Liquidity in Asian Financial Markets: Crowding Out or Spillover Effect
Abstract
The paper attempts to explore the relationship between the stock market and the corporate bond market, with a focus on the inter-dependency of liquidity between the two markets. The study employs a panel dataset to assess the impact of stock market liquidity on the corporate bond market liquidity for top five Asian economies (ranked by GDP) for the period 2008-2017. In contrast to limited number of earlier studies that reported a spillover effect of liquidity among the markets for stock and government bonds, the results of the present study convey that an increase in stock market liquidity tends to eat up the liquidity of the corporate bonds, even after controlling for government bond yield and inflation rate changes.
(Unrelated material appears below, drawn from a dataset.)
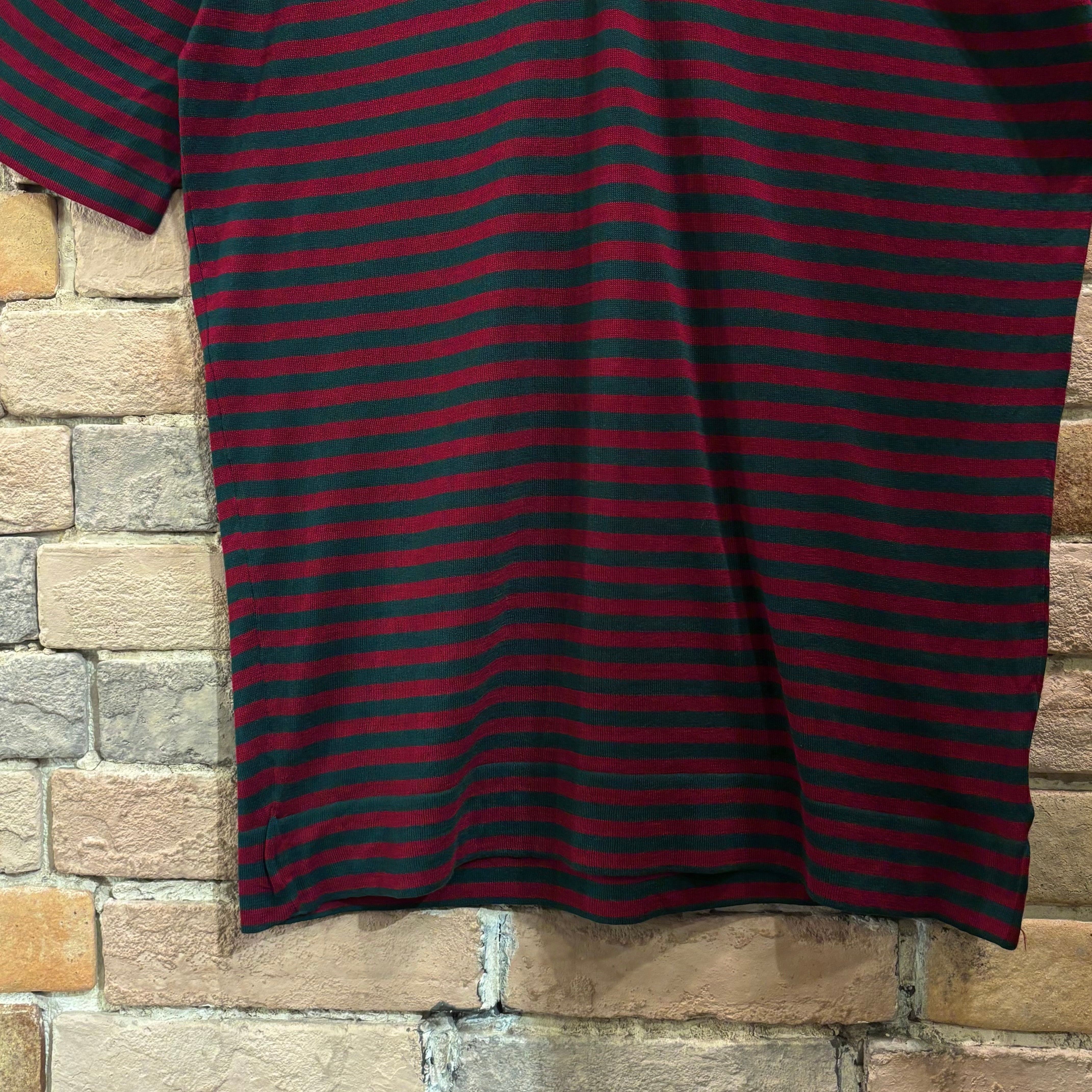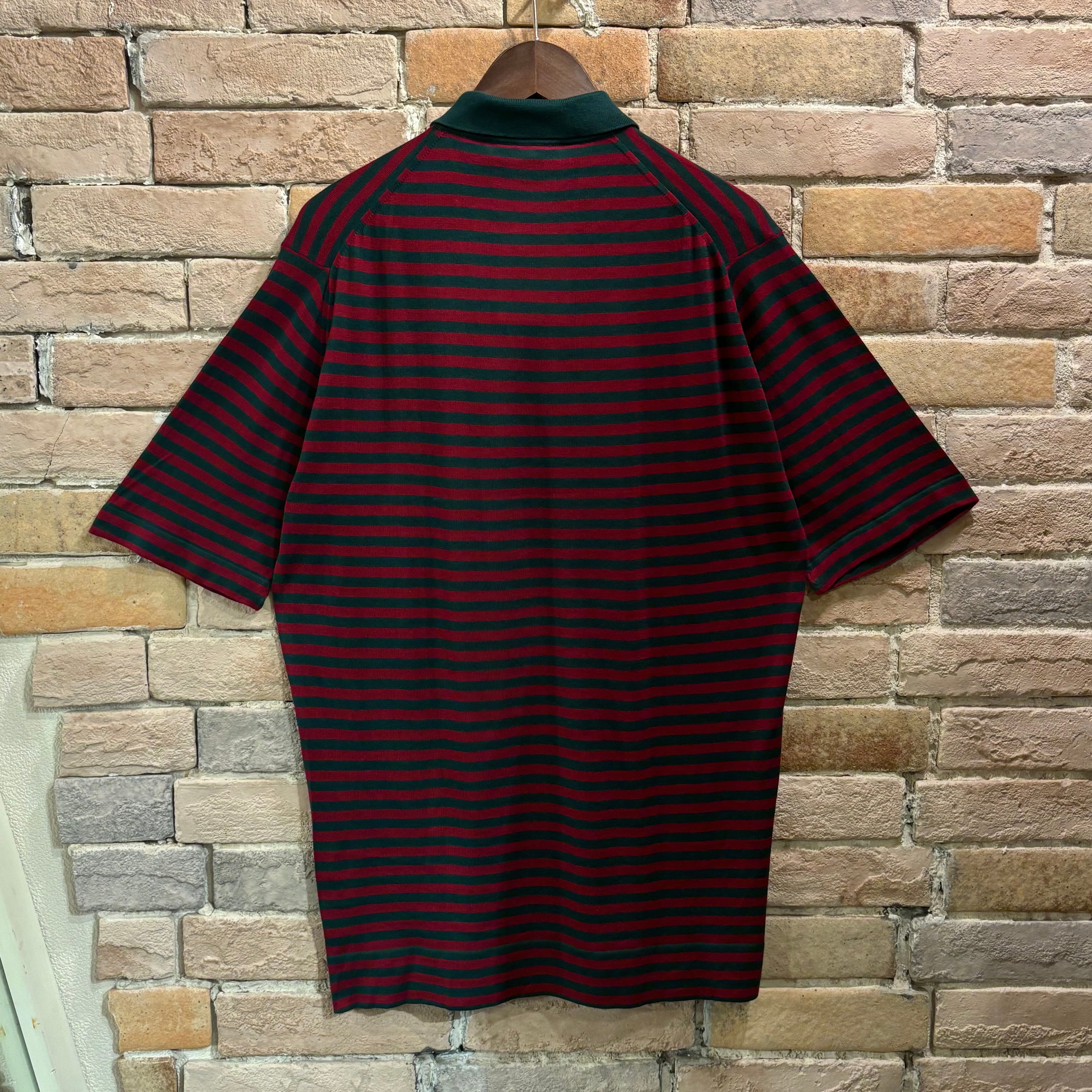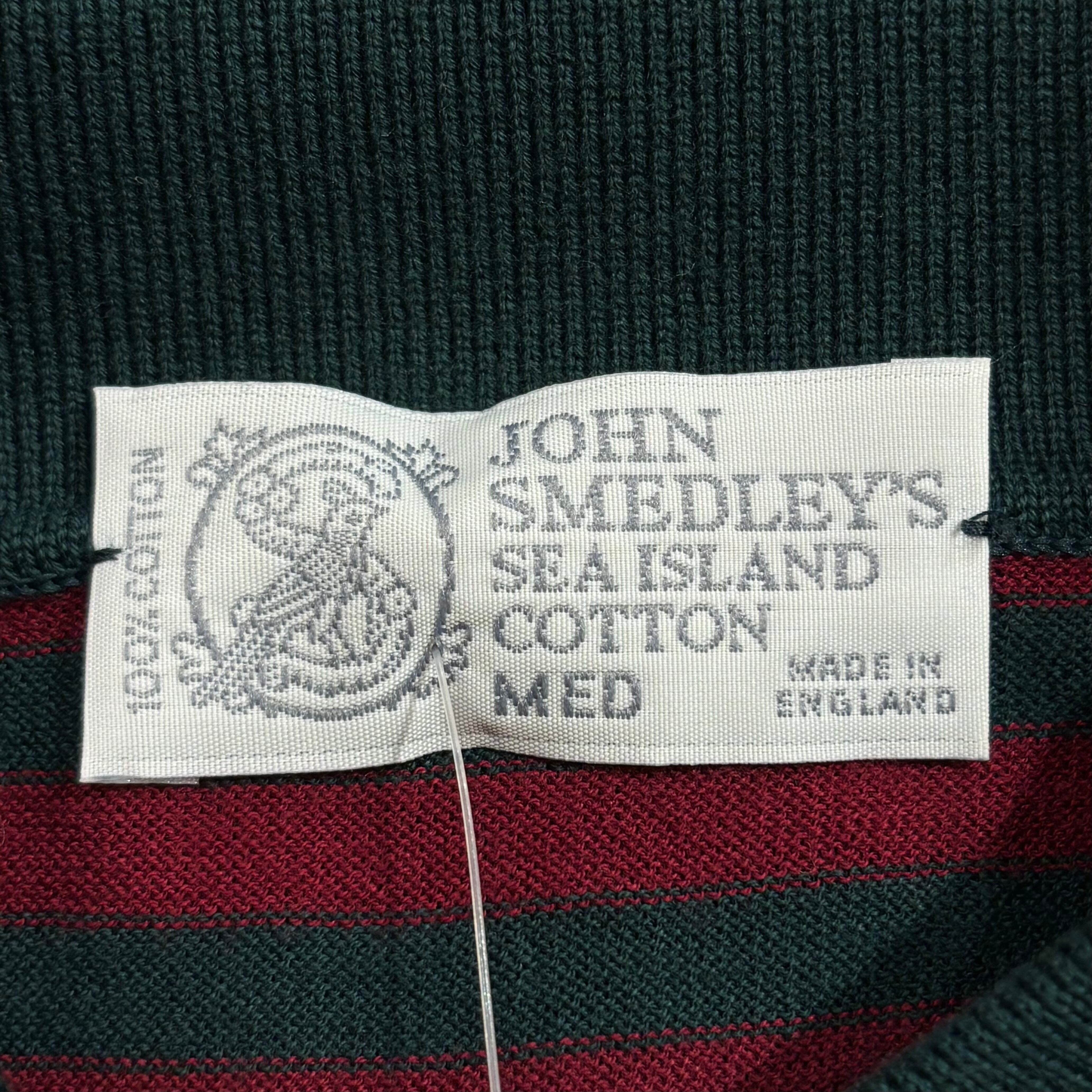 Johnsmedley Deadstock Mサイズ シーアイランドコットン グリーン×バーガンディボーダー 半袖ニットポロ デッドストック ジョンスメドレー イングランド製

The findings indicate a crowding out effect instead of a spillover effect, as indicated by related studies. The ‘flight-to-quality’ argument provides one possible explanation of liquidity moving away from one market to the other. This has an implication that if regulators’ policies are focused in developing only one type of market, it may crowd out the liquidity and the development of the other market. The study suggests the government to focus more on corporate bond market, which is yet to flourish in the Asian markets as compared to its stock market counterparts. The paper is one of the few attempts that focus on the corporate bond market and its liquidity and aims to ignite a debate on the possible linkages between liquidity of corporate bond market and the stock market.